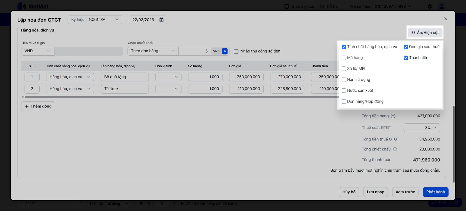 Lưu ý: Bạn có thể tùy chỉnh ẩn/hiện các cột thông tin bằng cách nhấn Ẩn/Hiện cột → tích/bỏ chọn các cột muốn hiển thị/ẩn trên màn hình.
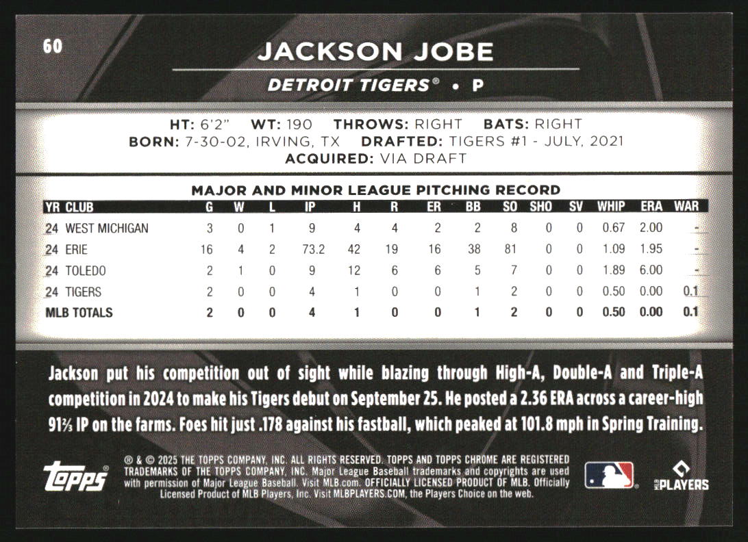 2025 Topps Chrome Black Gold Refractors #60 Jackson Jobe RC /50
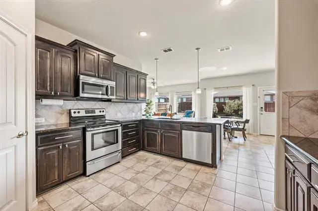 Welcome home to this beautifully designed 3 bedroom, 2 bathroom retreat located in the Ranches East Subdivision. Perfectly situated within the highly acclaimed Northwest ISD, this home offers the perfect blend of functionality and style. Upon entering, you are greeted by a versatile formal dining or living space. Whether you envision hosting holiday dinners or creating a sophisticated sitting room, this bonus area sets the tone for the rest of the home. Moving further in, the floor plan opens up to a bright, airy hub where the kitchen, casual dining, and family room flow seamlessly together. Tons of natural light flood these main areas, highlighting the open concept design. Need a dedicated workspace? This floor plan features a private office, ideal for remote work or a quiet study area, distinct from the three spacious bedrooms. Step outside to your extended back patio, offering plenty of room for grilling, outdoor furniture, and Texas sunsets. Living in Ranches East means you’re just steps away from fantastic community amenities, including a neighborhood pool and playground. Don’t miss this opportunity to buy into a vibrant community!
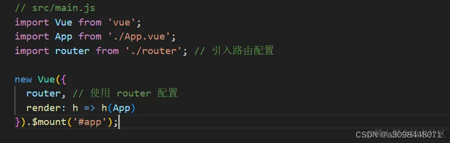 接下来,在你的 Vue 应用的入口文件(通常是 main.js 或 main.ts)中,导入并使用这个路由实例。
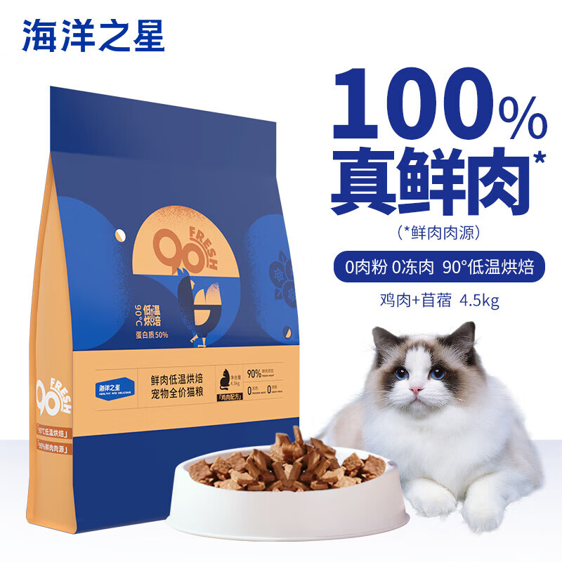 海洋之星(fish4dogs)猫粮 低温烘焙鲜肉猫粮 成猫幼猫全价猫干粮 【预售】鲜鸡肉 全价猫粮 4.5kg
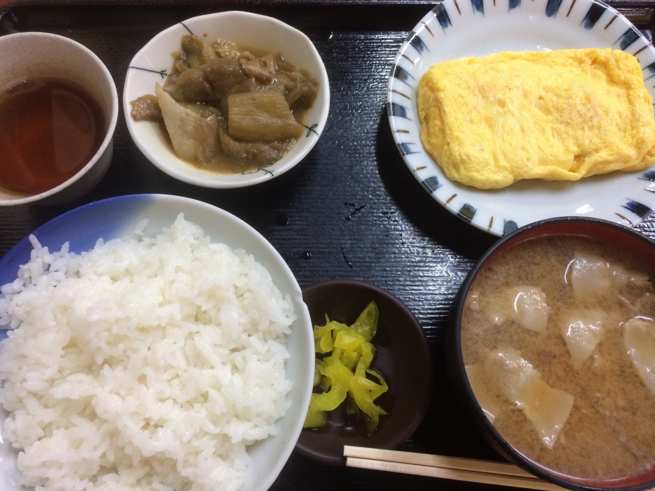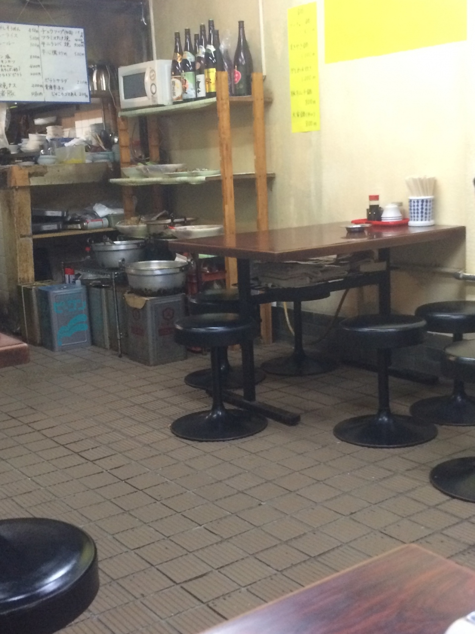 店内5席の古びた店です。早朝5時から営業しています。訪問時は混んでいて朝からビール飲んでいる客も多くいました。豚汁定食を注文、ほかほかの玉子焼と茄子、ネギ、肉が入っている小鉢も付いていました。豚汁も具が多く最後まで温かいまま食べれました。夜は寒い一杯飲み屋となります。料金も格安の店でした。
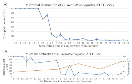 Destruction of G. stearothermophilus spores in TSA through microwave exposure at 1000 W over time (performed in triplicate, UFC count per bottle). (A) Full assay for the complete destruction period. (B) Assay of the destruction period between 5 and 7.5 min being the blue line the CFU count and the orange line the temperature (°C).
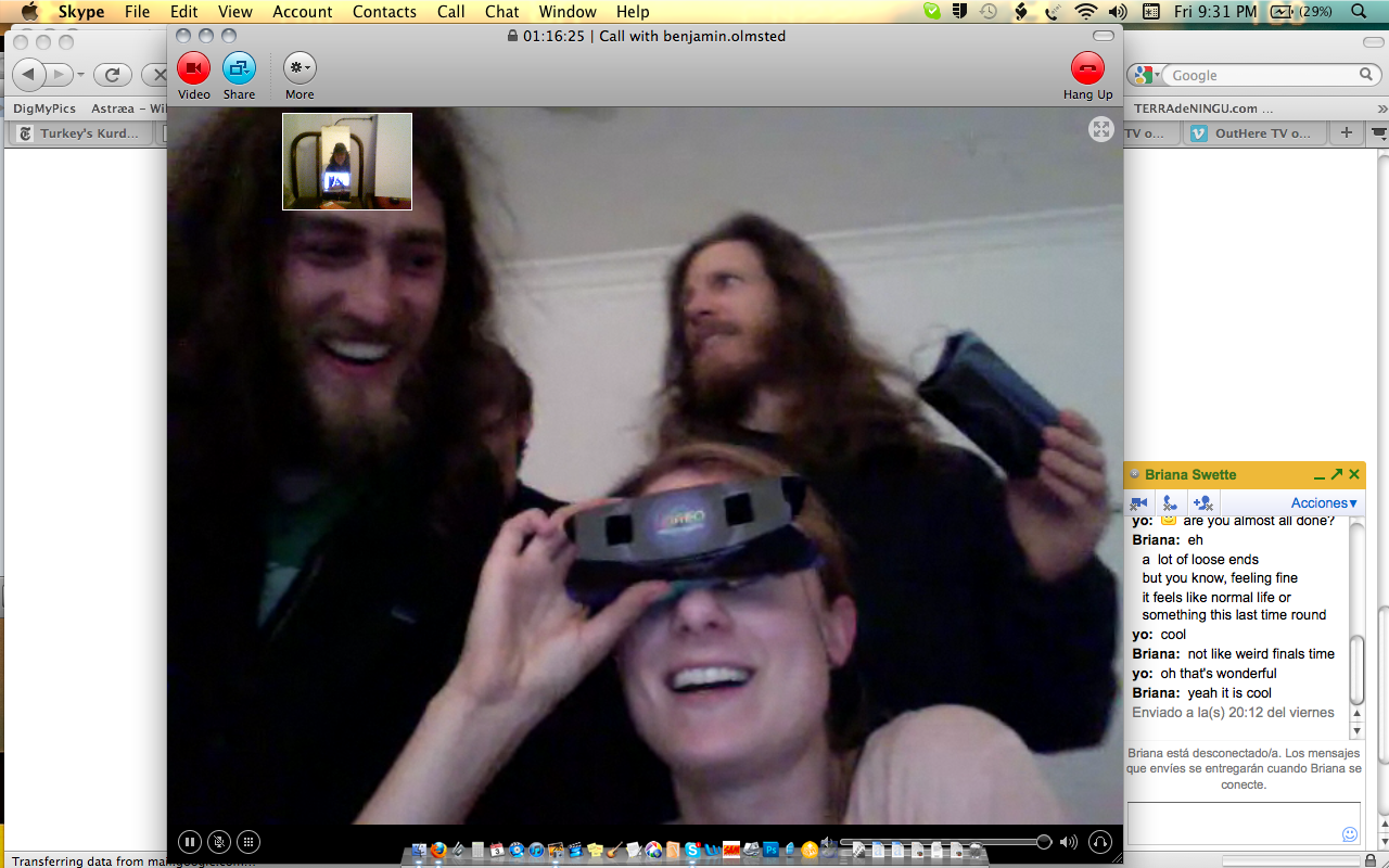 Perú in 3D was recently shown at concurrent parties connecting Stanford, California and Buenos Aires, Argentina via projected online stereographs and live video on skype. Some reflections on the event can be found below, and we took some amazing screenshots. We even made some stereographs with the video conference computer :)

—————

What to produce
Please output each line above exactly and omit all images.

Written solution
 Lưu ý: Bạn có thể tùy chỉnh ẩn/hiện các cột thông tin bằng cách nhấn Ẩn/Hiện cột → tích/bỏ chọn các cột muốn hiển thị/ẩn trên màn hình.
 2025 Topps Chrome Black Gold Refractors #60 Jackson Jobe RC /50
 Welcome home to this beautifully designed 3 bedroom, 2 bathroom retreat located in the Ranches East Subdivision. Perfectly situated within the highly acclaimed Northwest ISD, this home offers the perfect blend of functionality and style. Upon entering, you are greeted by a versatile formal dining or living space. Whether you envision hosting holiday dinners or creating a sophisticated sitting room, this bonus area sets the tone for the rest of the home. Moving further in, the floor plan opens up to a bright, airy hub where the kitchen, casual dining, and family room flow seamlessly together. Tons of natural light flood these main areas, highlighting the open concept design. Need a dedicated workspace? This floor plan features a private office, ideal for remote work or a quiet study area, distinct from the three spacious bedrooms. Step outside to your extended back patio, offering plenty of room for grilling, outdoor furniture, and Texas sunsets. Living in Ranches East means you’re just steps away from fantastic community amenities, including a neighborhood pool and playground. Don’t miss this opportunity to buy into a vibrant community!
 接下来,在你的 Vue 应用的入口文件(通常是 main.js 或 main.ts)中,导入并使用这个路由实例。
 海洋之星(fish4dogs)猫粮 低温烘焙鲜肉猫粮 成猫幼猫全价猫干粮 【预售】鲜鸡肉 全价猫粮 4.5kg
 店内5席の古びた店です。早朝5時から営業しています。訪問時は混んでいて朝からビール飲んでいる客も多くいました。豚汁定食を注文、ほかほかの玉子焼と茄子、ネギ、肉が入っている小鉢も付いていました。豚汁も具が多く最後まで温かいまま食べれました。夜は寒い一杯飲み屋となります。料金も格安の店でした。
 Destruction of G. stearothermophilus spores in TSA through microwave exposure at 1000 W over time (performed in triplicate, UFC count per bottle). (A) Full assay for the complete destruction period. (B) Assay of the destruction period between 5 and 7.5 min being the blue line the CFU count and the orange line the temperature (°C).
 Perú in 3D was recently shown at concurrent parties connecting Stanford, California and Buenos Aires, Argentina via projected online stereographs and live video on skype. Some reflections on the event can be found below, and we took some amazing screenshots. We even made some stereographs with the video conference computer :)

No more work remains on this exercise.